BIT150 – Fall 2009
Homework 9
Due on Tuesday December1st by email to the TA as Hwk9_Lastname
1. 35 points Follow the steps we used in Lab9 to prepare the directory structure needed to finally run Phred, Phrep, Consed, and PolyPhred with the mountain pine (Pinus mugo) files located in your folder in ‘plantgenome’, into the Hw9 folder. The identification name of the locus is 0_771_01.
Note: you will not need to run the fasta2Phd.perl script to create a phd.1 file (you will just create an empty phd_dir). Simply export the consensus generated during the phredPhrap run AFTER completion.
Run Phred and Phrap.
1.1. What does Phred do?
1.2. What does Phrap do?
Run Consed.
1.3. What is Consed needed for?
Open the ace1 file.
1.4. How many contigs are generated?
1.5. How many reads are included in each contig?
2.50 points Now identify polymorphisms.
Run PolyPhred with the homozygote snp flag, with tagged polymorphisms, indel flag, and with 50 bp flanking each side. Make sure to direct the PolyPhred output to an output file.
2.1. What does PolyPhred do? In general, what does PolyPhred consider to determine a true positive SNP (HINT:
2.2. What file is modified by PolyPhred and read by Consed to display SNP positions graphically?

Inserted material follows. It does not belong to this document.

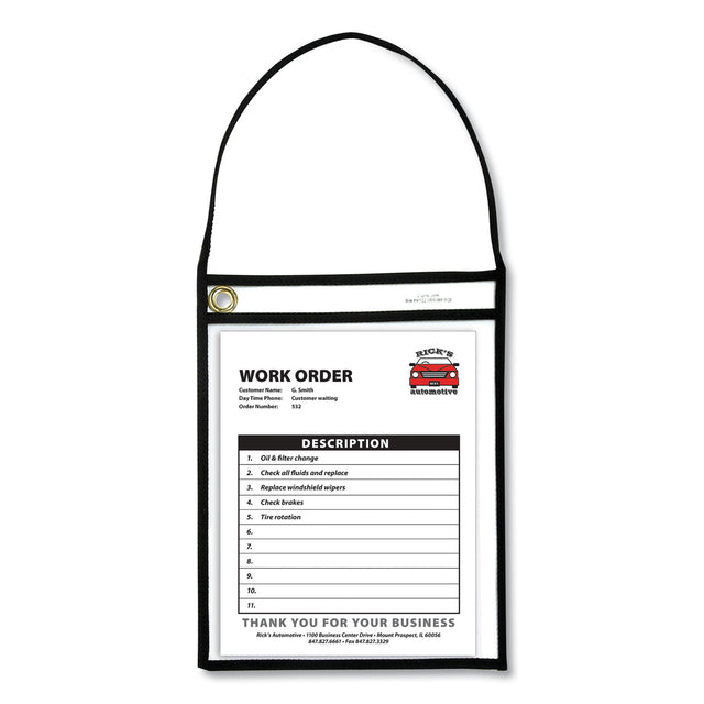 Store, protect and organize your instructions, production schedules, inventory cards, work orders and much more. The convenient strap allows you to hang the job ticket on a car mirror or factory machine, while you are working on the job. Great for hooks, pegs, vehicle mirrors or machinery. Super heavyweight holder has stitched seams for long-lasting utility. Keep the information with the job! This product will be cheerfully replaced with one of equal value if defective in materials, manufacturing or packaging at the time of purchase. Except for such replacement, this product is sold without warranty or liability even though defect, damage or loss is caused by negligence or other fault. Clear Back & Oversized Corner Eyelet -- Black Stitching & 22" Strap. Load Orientation: Top; Sheet Capacity: 75; Sheet Protector Type: Shop Ticket; Insert Size: 9 x 12.

2.3. What is a SNP? What is an INDEL?
2.4. According to the PolyPhred results, which contig(s) contain(s) SNP identifications?
2.5. Copy and paste the SNP information of the “POLY” section of the PolyPhred report (output file) here.
2.6. How many total SNPs are identified? How many total indels? What are their consensus positions?
2.7. How many SNPs have a score greater than 80?
2.8. What rank is a score of 80 and what color is the tag for this rank?
2.9. Attach here a screen shot (using Shift + Print Screen) of one Consed view of a tracefile with a correct SNP identification.
3.15 points Annotate the consensus sequence.
3.1. Export the consensus sequence(s) of the contig(s) that contain(s) SNP identifications.
3.2. What is the length of the consensus sequence (base pairs)
3.3. Use BLASTX to annotate the consensus sequence(s). Report the accession/version number of the top 5 hits.